Shazam’s branching strategy (17:05)
The way we used git at Shazam can be boiled down to this sentence: Always push to master, branch when freezing for a release.
What does that mean? Before I explain it, I’ll just give you an overview of how our git tree used to look. It was a sequential, single line of commits, very easy to understand. And every time there was a release that we needed to do, we would freeze that branch at that point in time–we would call it an ongoing branch, we would also tag it as a release candidate. If we found any bugs in that release, we would do hot fixes on that branch and merge them back to master so that master was up to date. We kept doing that until we were satisfied with the release. At that point, we would get the final release candidate and actually push to the market release.
This allowed us to have two parallel modes of working: one part of your team could keep continuing working on features for the next release, while a few of you can just harden the actual release candidate. Now you can do this with many other different strategies, but the main benefit that I see with this is that it allows you to very clearly see the history of your commits. It’s a very simple, straightforward line, there’s no complexity here. You don’t have to do any mental math to figure out where branches come from. You don’t have to use any special commands to figure out in which branches each commit exists. It’s just one branch.
Now to do this, there are some prerequisites. You can’t just jump into this mode of working. You have to have a Behavior-Driven Development (BDD) and Test-Driven Development (TDD) mentality, because every commit on master could potentially break everything, and you don’t want that, because you want to always be ready to release. The whole idea is your product owner could come in at any point and say, “Yep, let’s release what we have now, and we need to do this today. So we need to cut a release candidate.” BDD and TDD allows you to have your project in a releasable state; it might not be completely ready to push, but with only a couple of commits, you should be able to create a release candidate ready for the Play Store.
The key is you need continuous integration that runs your entire BDD and TDD test suites every time someone commits. There’s a different talk that sometimes we used to do about how we achieve this at Shazam, because, of course, acceptance tests on Android are very slow, notoriously slow, so we have tools for speeding things up. And also we have pre-commit hooks that would prevent people from pushing code that breaks the build. So we have an integration plan in our Jenkins where when you want to push code on master, the moment you push, your code doesn’t actually get promoted to the git repository; but a local branch is created, gets pushed remotely, so that Jenkins builds it, runs the entire test suite; and only when that is green does that push gets promoted to master so that other people can use it.
The key part of this is the mentality of always Rebasing your code, so when you come to work in the morning, the first thing you do is Rebase any uncommitted changes you have on top of the current master. Rebasing also allows you to very easily fix conflicts. When you have long running feature branches, and then you try to merge–let’s say you have two feature branches, and you always keep them up to date with develop or master, but now you want to call your base branch. And you think, “Okay, I have no conflicts, because I keep fixing it every day,” but then when you integrate your branch into develop or master, another feature branch gets merged back, you get this weird conflict between the two branches, and now you have to go to the people that actually worked on that branch and try to resolve things that you might not be very familiar with.

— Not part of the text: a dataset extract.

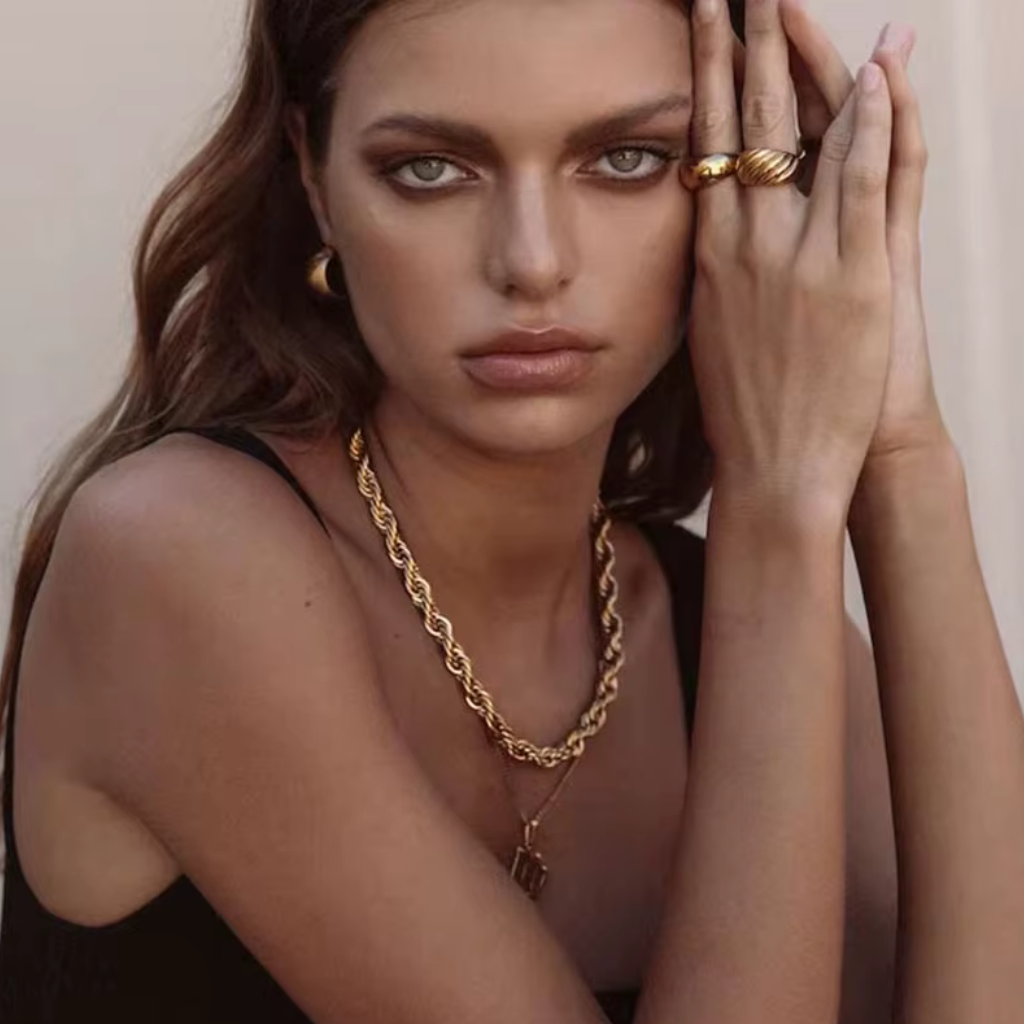Hechas con acero quirúrgico de alta calidad, nuestras joyas están recubiertas con oro de 18k mediante un moderno proceso PVD (Physical Vapor Deposition) que garantiza un acabado duradero, respetuoso con el medio ambiente y diez veces más grueso que el chapado tradicional.

If everyone is working on master, those changes are literally one or two commits at every time. So it’s very easy to fix, very localized, and you never run into surprises where suddenly, “yes, we have to release tomorrow, let’s get these two feature branches in the release,” or there’s a “merge integration hell, we can’t fix this.” This helps with that.
Because of everyone pushing in the same branch, it also encourages you to write your code in a way that is modular. You have to create your code in a way that, even if your feature is not ready, you can still push the app into the Play Store, because your feature is actually disabled. And the only way to have what are called “feature flags” in the back end world is to have an architecture in your app that allows you to easily swap out implementations of things, and also have a list of AB tests, or flags, that enable you to switch features on and off.
So to reiterate the benefits: it keeps us true, because having this process forces us to basically always think, “I need an acceptance test for this; I need to make sure that it’s covered by tests as much as possible. I can’t push code that is not production ready. And of course, I have to modularize my code.” The tree is very clean and easy: when you bring in new people into your team, it takes them less than a day to figure out how your code is structured. It’s very simple. I will talk in a bit, from personal experience, about how that affected me.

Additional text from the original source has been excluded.